Having given the best years of their lives to the country, it becomes a national obligation to resettle and rehabilitate the ex-servicemen.
An ex-serviceman is a person who has served in any rank, whether as a combatant or as non-combatant, in the Armed Forces of the Union of India, including the Armed forces of former Indian States, but excluding the Assam Rifles, Defence Security Corps, General Reserve Engineering Force, Lok Sahayak Sena and Territorial Army, for a continuous period of not less than 6 months after attestation and has been released, otherwise than by way of dismissal or discharge on account of misconduct or inefficiency or has been transferred to the reserve pending such release or has to serve for not more than 6 months for completing the period of service requisite for becoming entitled to be released or transferred to the reserve.
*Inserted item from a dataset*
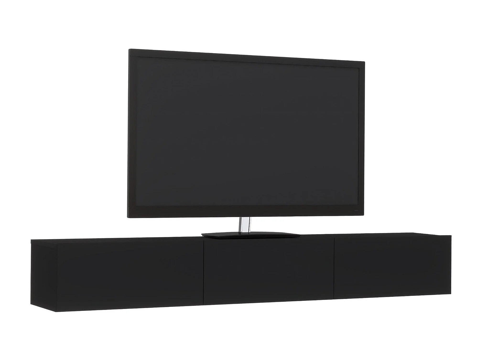 Mueble de TV moderno 180 cm para salón – 2 puertas sin tiradores, acabado mate, de pie o colgante, frentes MDF negro mate

2. Administrative Responsibility and Organisation
The Central and states/UTs are jointly responsible for the resettlement and welfare of ex-servicemen. The Kendriya Sainik Board, whose designation was introduced in 1951 for the earlier organization i.e. the District Soldiers’ Sailors’ and Airmen’s Board, is the apex body at the Central Government level.
At the state level, the subject of resettlement and welfare of ex-servicemen is allocated to one of the ministers in the state governments and Secretary of the Department concerned oversees the work of the Rajya Sainik Board.
The welfare funds administered by the Kendriya Sainik Board are: Flag Day Fund, Armed Forces Benevolent Fund, Armed Forces Reconstruction Fund, Special Fund for Reconstruction and Rehabilitation of Ex-servicemen, War Bereaved and Disabled Servicemen Special Relief Fund, India Solders’, Sailors’ and Airmen’s Board Fund, Services Welfare Fund and Indian Gorkha Ex-Servicemen Welfare Fund.
3. Necessity of Resettlement Assistance
The releases from Armed Forces create a reservoir of trained manpower which can profitably be made use of in various skills; are a national asset and should be utilized as such. They should be merged in the mainstream of national life so that they continue to contribute their skills for national advantage. It is felt that any delay in resettling them will only cause dissatisfaction and frustration amongst them.
Resettlement on Land
The bulk of our Jawans come from rural areas with agricultural backgrounds. Resettlement on land, however, on a major scale is no longer feasible as land is increasingly becoming scarce. Effort is, however, made to persuade state governments to accord high priority to ex-servicemen for the allocation of surplus land.
A large number of ex-servicemen have found avenues of self-employment by securing agencies of public sector undertakings in tea, fertilizers, cement, steel, salt, machine- tools, cloth, bakery products, petroleum items, photo-material, papers, transportation of scooters, milk-booths, electronic goods etc.
In the field of transport, ex-servicemen are helped through provision of tractors, discarded vehicles, and bus, taxi and truck routes including allocation of national permits for transportation of goods. For those interested in starting small scale units, consultancy services are provided in preparing project reports. Assistance is given in securing finances from banks and in marketing of products.
Dissemination of Information
Dissemination of information in regard to benefits and concessions available to ex-servicemen and their families is of paramount importance. Apart from projection of resettlement and welfare activities pertaining to ex-service- men through different media of publicity, the Directorate General Resettlement, Ministry of Defense, has brought out a comprehensive guide to Resettlement of Ex-servicemen both in English and Hindi.